Raw data
+++++
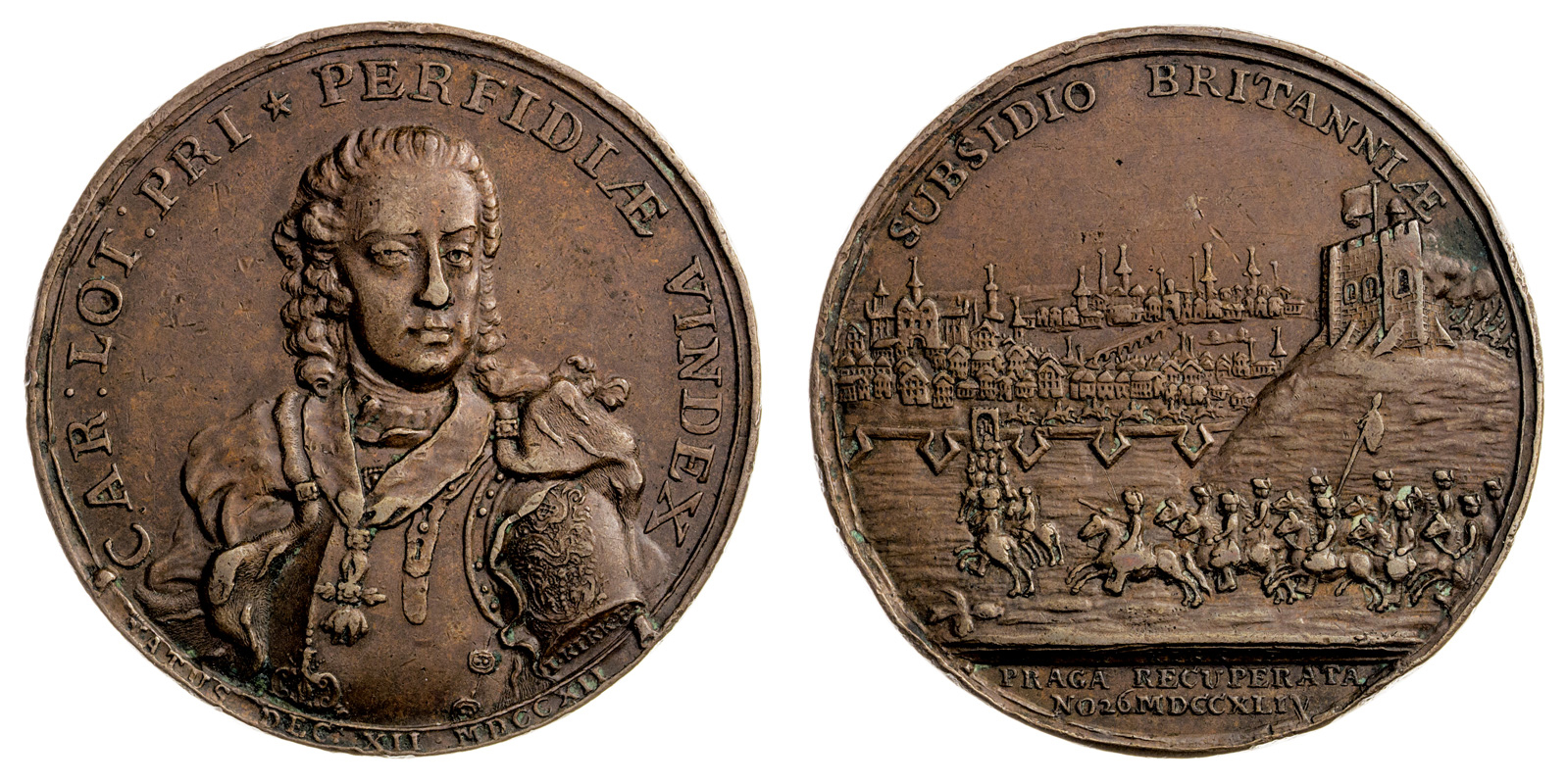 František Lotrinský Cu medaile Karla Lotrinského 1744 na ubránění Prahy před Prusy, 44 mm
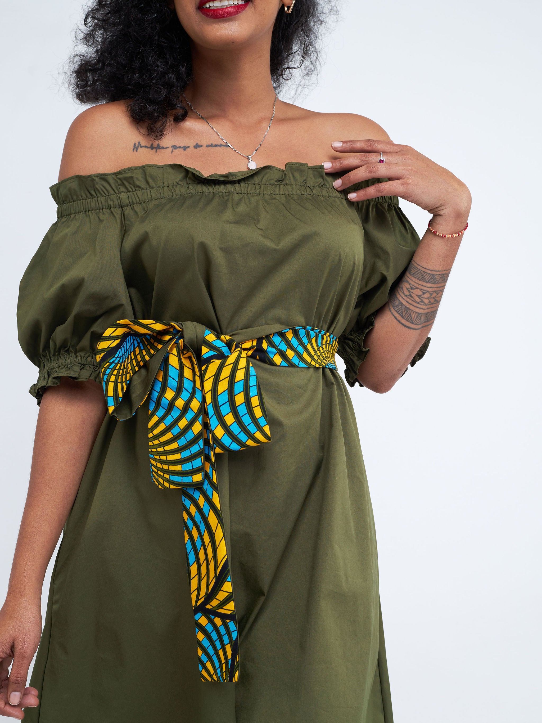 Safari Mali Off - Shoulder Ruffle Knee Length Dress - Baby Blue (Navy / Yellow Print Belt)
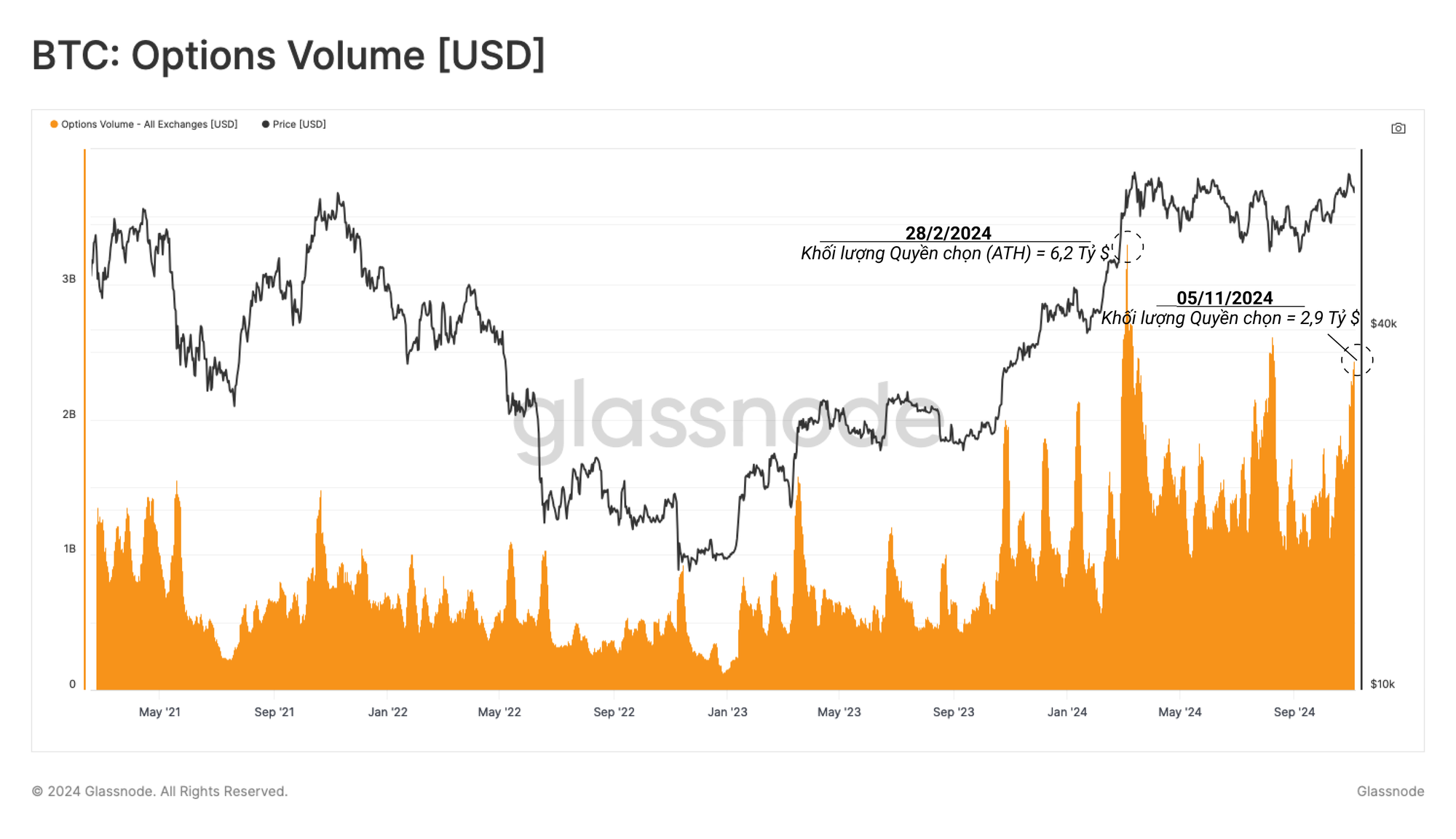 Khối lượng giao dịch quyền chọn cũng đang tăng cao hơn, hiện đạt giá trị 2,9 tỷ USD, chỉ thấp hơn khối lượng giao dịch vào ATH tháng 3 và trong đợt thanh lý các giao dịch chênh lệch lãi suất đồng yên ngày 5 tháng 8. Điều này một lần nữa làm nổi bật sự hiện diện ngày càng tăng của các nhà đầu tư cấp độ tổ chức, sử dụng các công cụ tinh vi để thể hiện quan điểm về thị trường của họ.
+++++
How to complete this task
Word-for-word transcription: the whole listing, with images excluded.

Your response
 František Lotrinský Cu medaile Karla Lotrinského 1744 na ubránění Prahy před Prusy, 44 mm
 Safari Mali Off - Shoulder Ruffle Knee Length Dress - Baby Blue (Navy / Yellow Print Belt)
 Khối lượng giao dịch quyền chọn cũng đang tăng cao hơn, hiện đạt giá trị 2,9 tỷ USD, chỉ thấp hơn khối lượng giao dịch vào ATH tháng 3 và trong đợt thanh lý các giao dịch chênh lệch lãi suất đồng yên ngày 5 tháng 8. Điều này một lần nữa làm nổi bật sự hiện diện ngày càng tăng của các nhà đầu tư cấp độ tổ chức, sử dụng các công cụ tinh vi để thể hiện quan điểm về thị trường của họ.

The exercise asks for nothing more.